1 2 3 4 5 6 7 8 9 10 11 12 13 14 15 16 17 18 19 20 21 22 23 24 25 26 27 28 29 30 31 32 33 34 35 36 37 38 39 40
– Давайте вспомним, Лида, какой это был день недели? – предложил Еремин.
– Очень просто. В четверг я работала. Собиралась позвонить ему в субботу. Значит, он звонил с пятницы на субботу
«Мальчика убили в пятницу утром… – прокручивал в голове сыщик. – Вечером я позвонил Грызунову и сообщил насчет дамских отпечатков. Он свалил все на горничную и утром в субботу отправил ее к маме. Все, как я и предполагал».

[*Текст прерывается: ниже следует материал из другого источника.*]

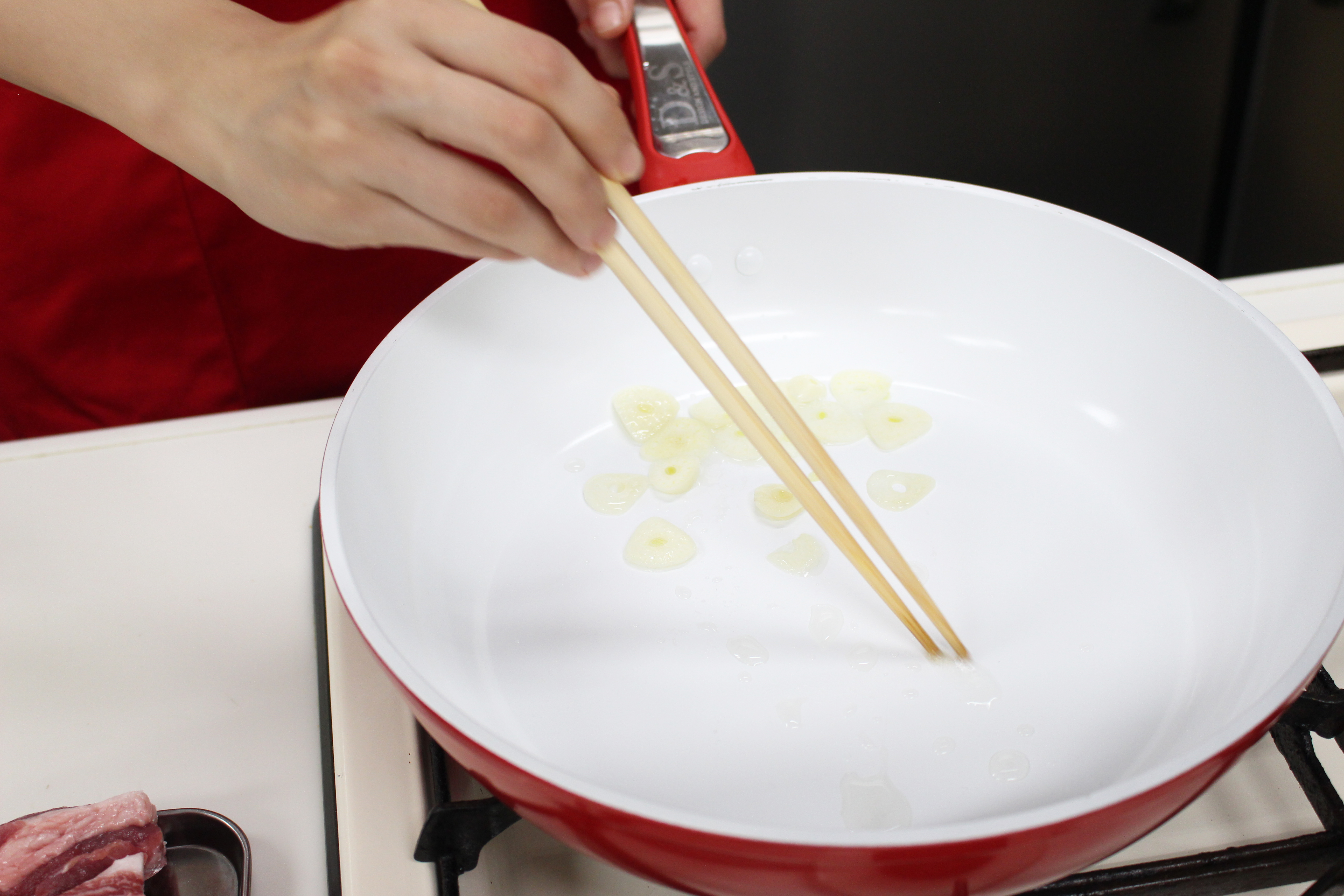 そして鍋にサラダ油、薄切りにしたにんにくを熱し、

– Скажите, а с женой Грызунова вам приходилось сталкиваться?
– В основном с ней я и сталкивалась. Она меня нанимала. Хорошая была женщина, царство ей небесное!
– Грызунов любил жену?
– Откуда же мне знать такое? Наверно, любил, если бросил ради нее женщину с ребенком. Вам лучше поговорить с Зинаидой Ивановной, кухаркой. Она давно у него служит.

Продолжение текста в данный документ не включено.